_Exercise brief_: Restate word for word the section of the entries that opens at the line containing "So this is Dura-lar" and closes at the line containing "Compartilhe do amor", both lines kept, pictures dropped.

_Collected data_:
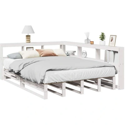 ManoManoGeneral description Get a better restful night's sleep with this stylish bookcase bed! It makes a welcoming addition to any bedroom, combining functionality with rustic charm. Technical specifications Colour: White Material: Solid pinewood Overall dimensions: 208.5 x 158.5 x 80 cm (L x W x H) Bed frame dimensions: 190 x 140 x 25.5 cm (L x W x H) Suitable mattress size: 140 x 190 cm (W x L) (mattress not included) With slatted base Bookcase headboard dimensions: 208.5 x 158.5 x 80 cm (L x W x H) Suitable for mattress width: 140 cm Assembly required: Yes Compatibility and accessories A mattress is not included with this bed. Various selections of mattresses are available in our shop. Installation Flexible assembly options allow you to place the long side of the headboard on either the left or right side to match your bedroom space. Usage The headboard features built-in storage to keep books, decorative items, and essentials organized and within reach. This L-shaped headboard fits snugly
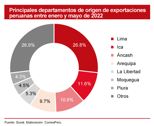 Al analizar los principales departamentos de origen de nuestras exportaciones, Lima lidera la lista con un total de US$ 7,078 millones enviados entre enero y mayo de 2022. Dicho monto es un 59.5% más que lo registrado en el periodo similar de 2021. Le siguen los departamentos de Ica (US$ 3,066 millones; +18.4%), Áncash (US$ 2,894 millones; +9.8%), Arequipa (US$ 2,576 millones; +30.2%), La Libertad (US$ 1,390 millones; +13.1%), Moquegua (US$ 1,188 millones; +13.2%) y Piura (US$ 1,145 millones; +8%).
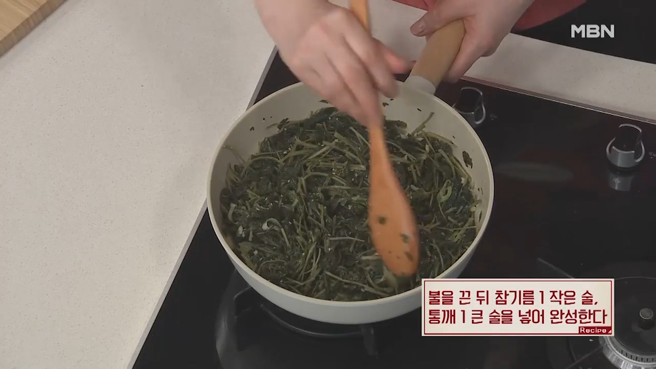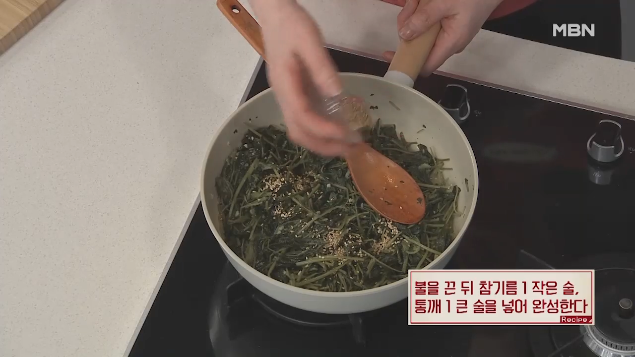 ▶불을 끈 뒤 참기름 1작은술, 통깨 1큰술을 넣어줍니다.
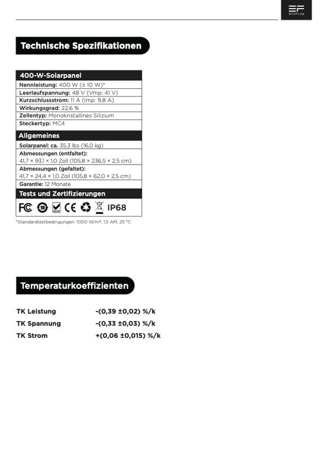 Das tragbare Solarpanel 400W EcoFlow ist ein faltbares und kompaktes Solarmodul, das eine hohe Solarleistung und einen hohen Wirkungsgrad bietet. Es hat einen Wirkungsgrad von bis zu 23 % und ist robust und wasserfest gemäß IP681. Es hat ein einteiliges Klappdesign und eine praktische Tragetasche, die auch als Ständer mit einstellbarem Winkel dient. Es hat eine Leerlaufspannung von 21,8V und einen Kurzschlussstrom von 19,2A. Es hat eine Abmessung von 200 x 100 x 2.5 cm (ausgeklappt) und eine Abmessung von 50 x 100 x 10 cm (geklappt). Es hat ein Gewicht von 16 kg.
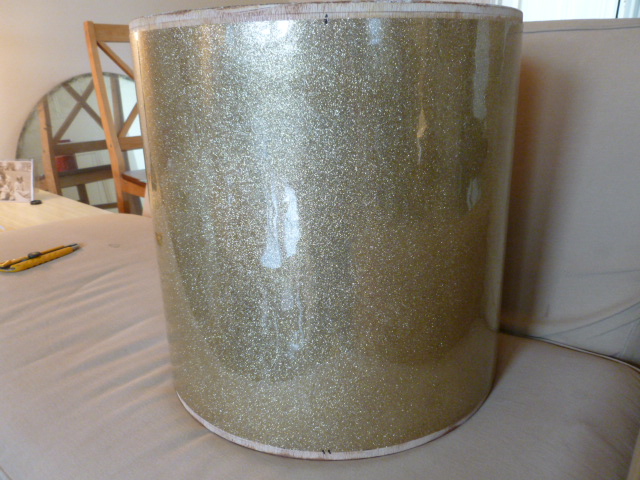 So this is Dura-lar plastic sheeting, Recollections gold sparkles from Michaels Crafts, Krylon "triple thick crystal" clear glaze, and wood glue. The clear glaze goes on the plastic, the sparkles get dumped all over that, then shaken off [excess reclaimed], then let it dry, then coat the shell in wood glue, then apply, rough side down.
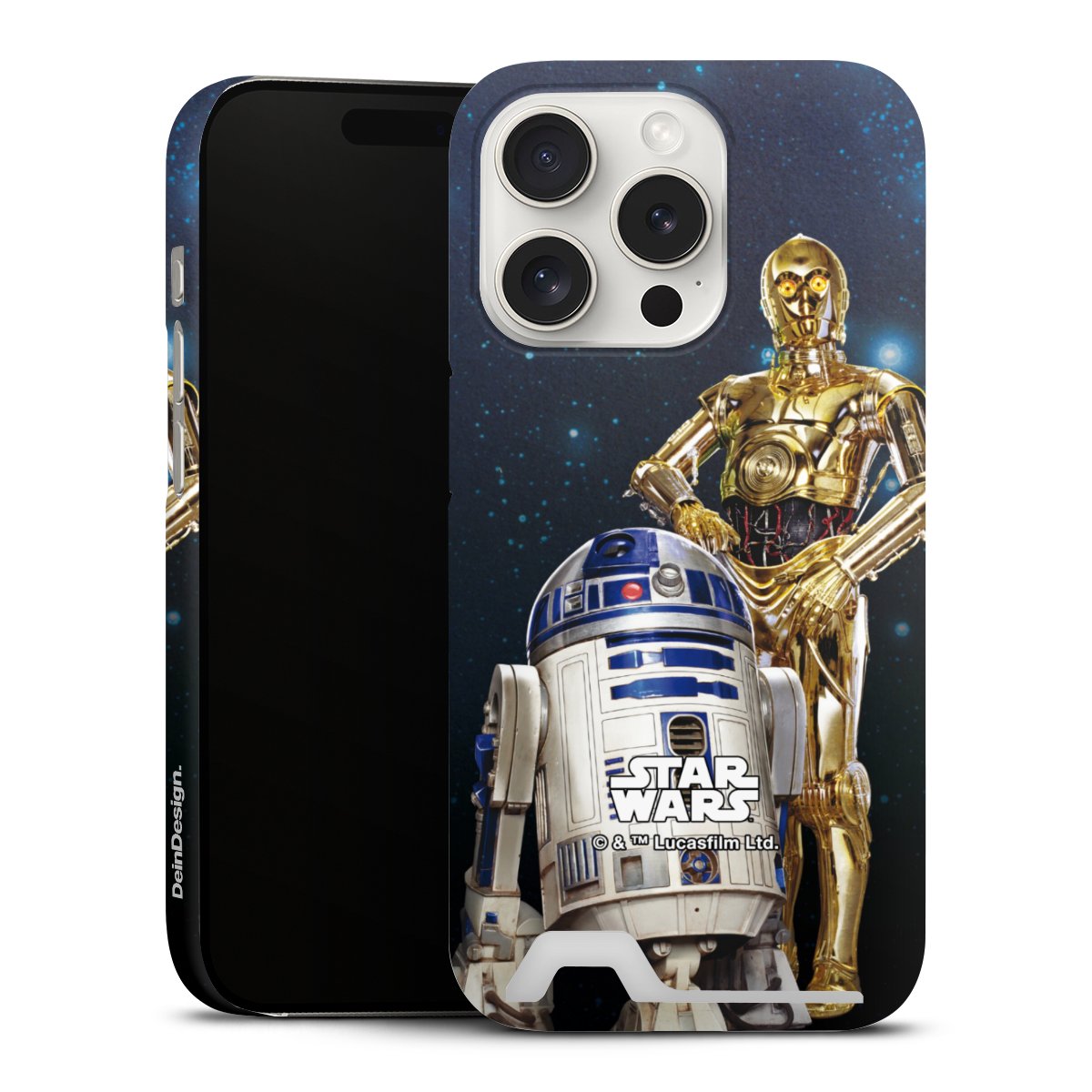 Darth Vader, C3PO, R2D2 und Meister Yoda findest Du in unserem Star Wars Shop auf DeinDesign. Natürlich gibt es auch Star Wars Handyhüllen mit den legendären Charakteren Luke Skywalker, Prinzessin Leia und Han Solo, den Helden der ersten Saga. Wer jedoch die Hauptfiguren der neuen Star Wars Filme ins Herz geschlossen hat, kann auch Finn und Rey mit ihren mächtigen Waffen auf der Rückseite seines Smartphones haben. Die vielseitigen Schutzhüllen in verschiedenen Ausführungen sind das perfekte Geschenk für alle Star Wars Fans, die ihrem Smartphone eine individuelle Note verleihen wollen.
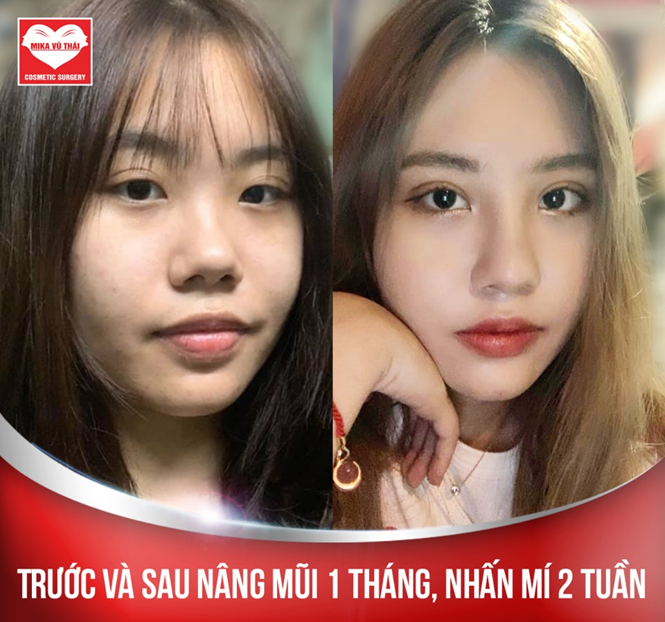 Bạn có thể chiêm ngưỡng thêm hình ảnh một số khách hàng vừa nâng mũi và nhấn mí tại Mika Vũ Thái:
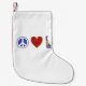Compartilhe do amor para o estado da maravilha de Delaware pequeno esta época natalícia com uma meia do Natal de Delaware do amor da paz que caracterize um sinal de paz azul grande, um coração vermelho com esboço vermelho e a bandeira de Delaware na forma do mapa da silhueta do estado.
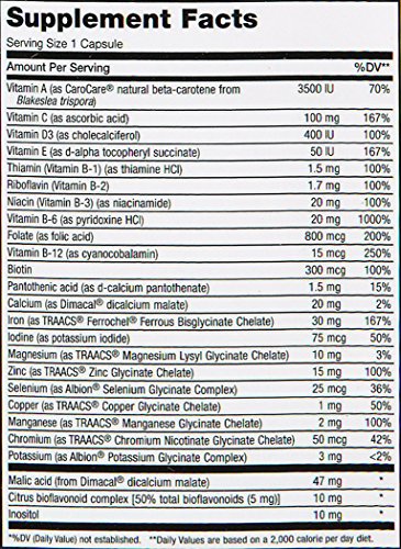 Natural Vitamin E (d-alpha tocopheryl succinate) has been found to be superior in absorption to the synthetic forms (dl type) and its respective acetates. Chromium (as TRAACS chromium nicotinate glycinate chelate) has been found to be more biologically active than other chromium compounds. It is an organic complex that contains niacin as well as cysteine and other nutrients. Biotin is a cofactor for several enzymes, and is essential for carbohydrate metabolism and the synthesis of proteins. Biotin supports the growth and development of healthy nerve tissue and aids in the use of B vitamins and synthesis of ascorbic acid. Pantothenic acid supports a healthy immune system and also aids in the production of hormones. It is essential for proper metabolism of food and is vital during pregnancy. Iron (as Ferrochel) is a patented, nutritionally functional amino acid chelate form of iron. Magnesium (magnesium citrate) a natural source of magnesium, provides the body with additional magnesium as well as a non-irritating stool softener much needed during pregnancy. Inositol provides the nutrient necessary to make cellular membranes.

_Task output_:
 So this is Dura-lar plastic sheeting, Recollections gold sparkles from Michaels Crafts, Krylon "triple thick crystal" clear glaze, and wood glue. The clear glaze goes on the plastic, the sparkles get dumped all over that, then shaken off [excess reclaimed], then let it dry, then coat the shell in wood glue, then apply, rough side down.
 Darth Vader, C3PO, R2D2 und Meister Yoda findest Du in unserem Star Wars Shop auf DeinDesign. Natürlich gibt es auch Star Wars Handyhüllen mit den legendären Charakteren Luke Skywalker, Prinzessin Leia und Han Solo, den Helden der ersten Saga. Wer jedoch die Hauptfiguren der neuen Star Wars Filme ins Herz geschlossen hat, kann auch Finn und Rey mit ihren mächtigen Waffen auf der Rückseite seines Smartphones haben. Die vielseitigen Schutzhüllen in verschiedenen Ausführungen sind das perfekte Geschenk für alle Star Wars Fans, die ihrem Smartphone eine individuelle Note verleihen wollen.
 Bạn có thể chiêm ngưỡng thêm hình ảnh một số khách hàng vừa nâng mũi và nhấn mí tại Mika Vũ Thái:
Compartilhe do amor para o estado da maravilha de Delaware pequeno esta época natalícia com uma meia do Natal de Delaware do amor da paz que caracterize um sinal de paz azul grande, um coração vermelho com esboço vermelho e a bandeira de Delaware na forma do mapa da silhueta do estado.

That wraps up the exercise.